What should come back is the data below, word for word, minus any picture.

Data section start

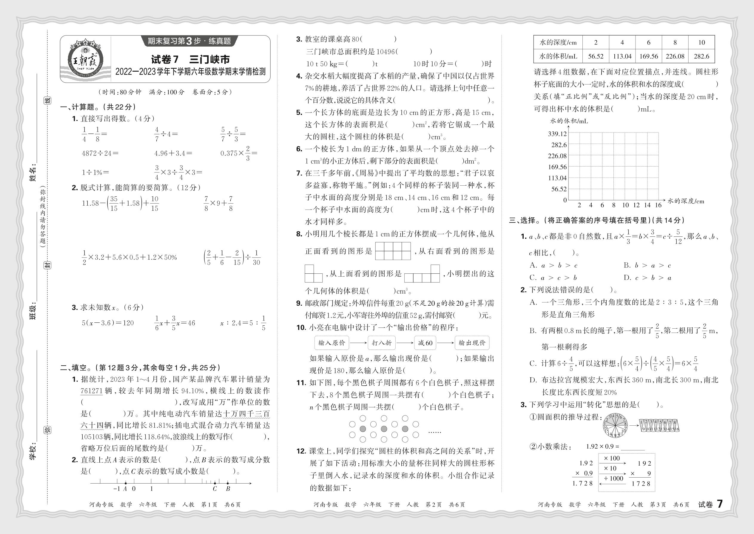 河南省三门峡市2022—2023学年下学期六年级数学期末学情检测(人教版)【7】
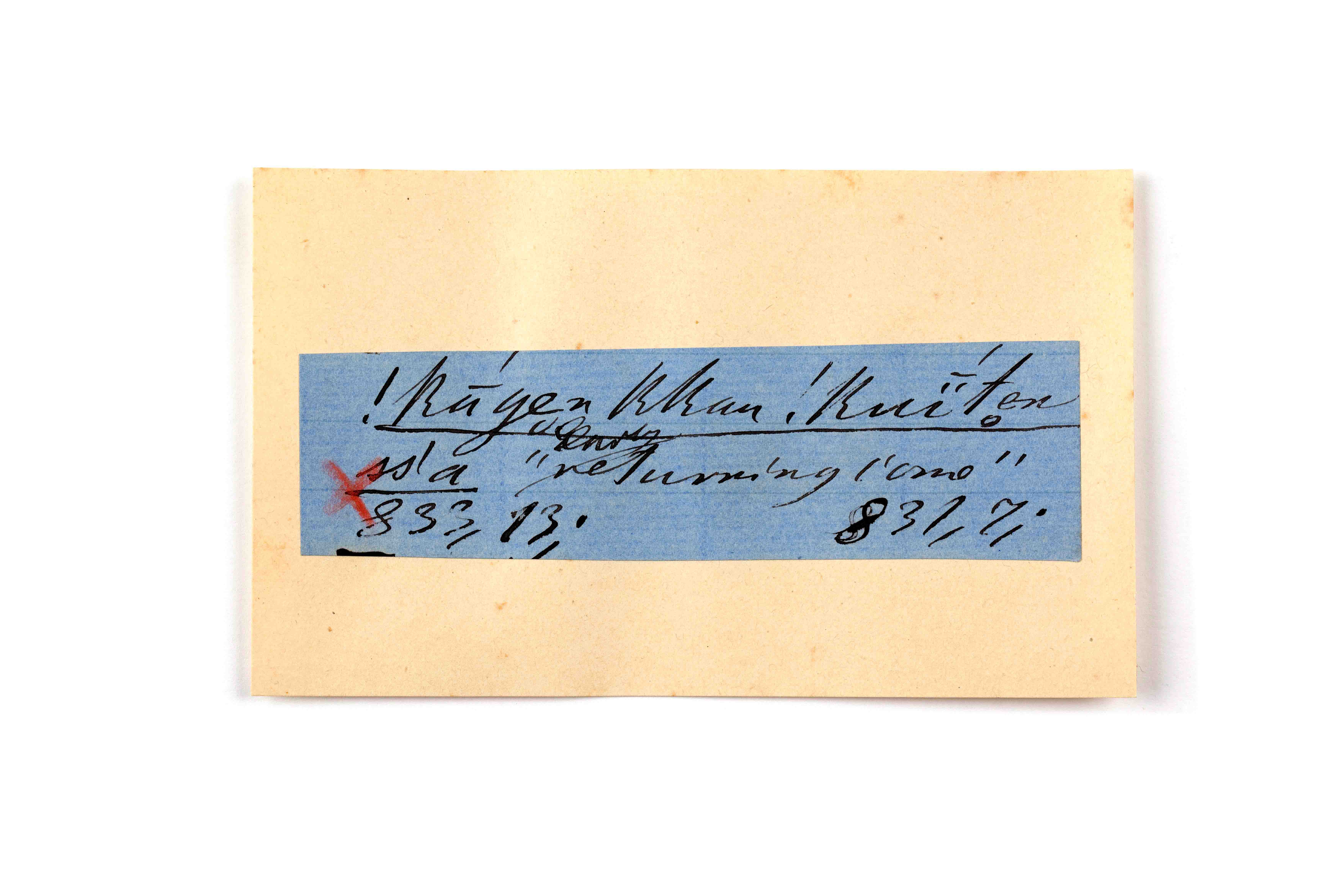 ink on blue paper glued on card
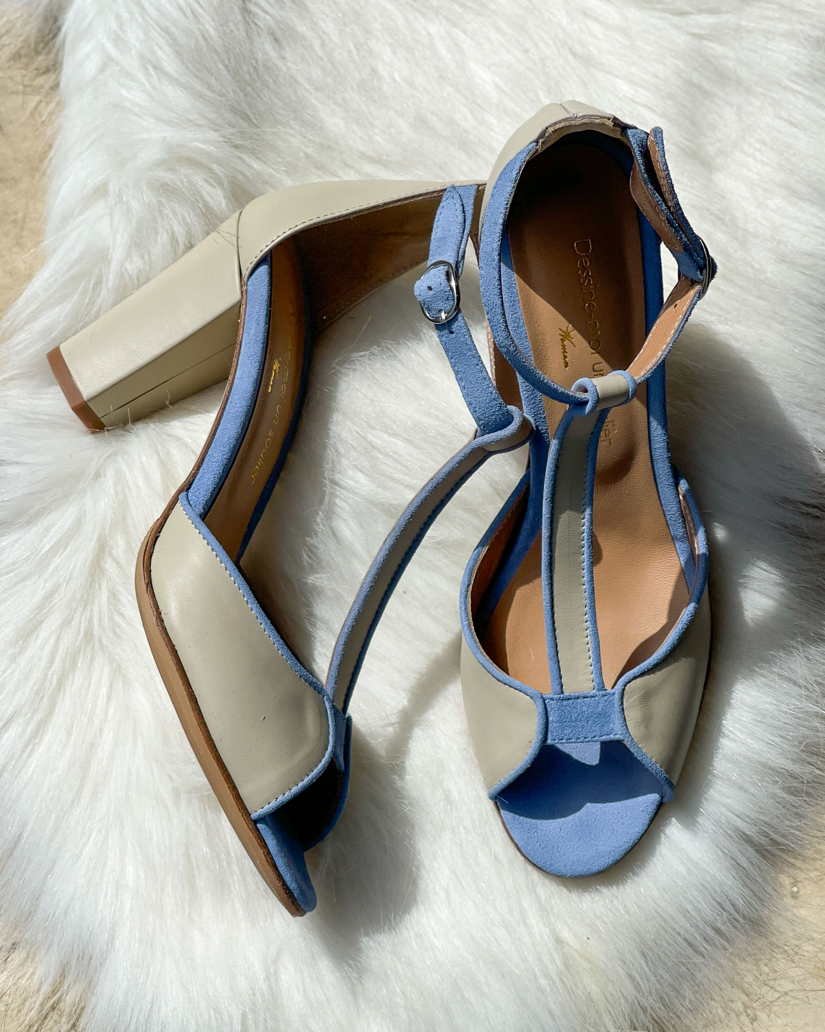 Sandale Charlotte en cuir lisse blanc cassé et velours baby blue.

Data section end

**Output of the task**
 河南省三门峡市2022—2023学年下学期六年级数学期末学情检测(人教版)【7】
 ink on blue paper glued on card
 Sandale Charlotte en cuir lisse blanc cassé et velours baby blue.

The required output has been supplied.